* _DATA UNDER STUDY_:
-------

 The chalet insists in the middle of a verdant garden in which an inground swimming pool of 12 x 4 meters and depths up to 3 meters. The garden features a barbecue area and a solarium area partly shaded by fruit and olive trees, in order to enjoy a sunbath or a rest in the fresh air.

-------

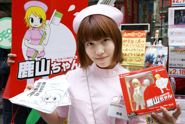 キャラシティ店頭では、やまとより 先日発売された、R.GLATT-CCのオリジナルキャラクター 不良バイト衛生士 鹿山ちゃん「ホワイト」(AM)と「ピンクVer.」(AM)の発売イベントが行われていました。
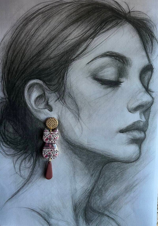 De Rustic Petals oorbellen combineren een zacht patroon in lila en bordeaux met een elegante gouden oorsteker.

-------

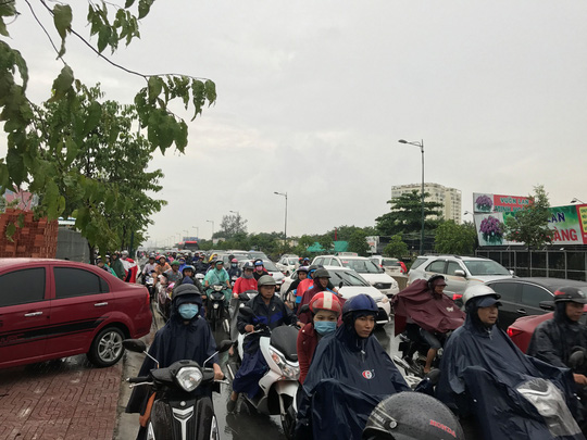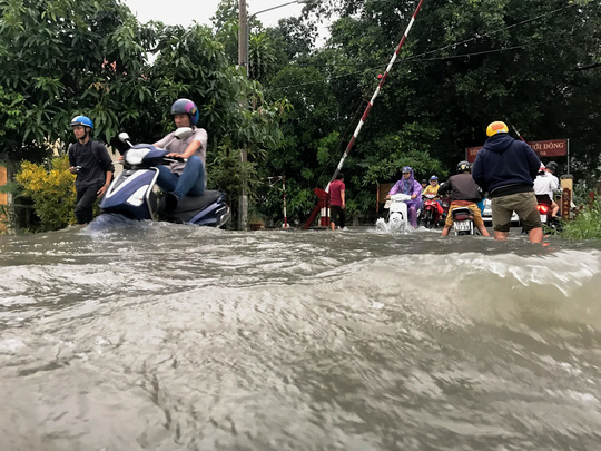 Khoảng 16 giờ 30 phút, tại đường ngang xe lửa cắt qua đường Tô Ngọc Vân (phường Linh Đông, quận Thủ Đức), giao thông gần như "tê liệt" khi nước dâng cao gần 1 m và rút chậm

-------

* _YOUR INSTRUCTIONS_: Pictures in the material above should be skipped; print exactly the lines from the one with "キャラシティ店頭では、やまとより 先日発売された、R.GLATT-CCのオリジナルキャラクター 不良バイト衛生士" through the one with "De Rustic Petals".

* _OUTPUT OF THE TASK_:
 キャラシティ店頭では、やまとより 先日発売された、R.GLATT-CCのオリジナルキャラクター 不良バイト衛生士 鹿山ちゃん「ホワイト」(AM)と「ピンクVer.」(AM)の発売イベントが行われていました。
 De Rustic Petals oorbellen combineren een zacht patroon in lila en bordeaux met een elegante gouden oorsteker.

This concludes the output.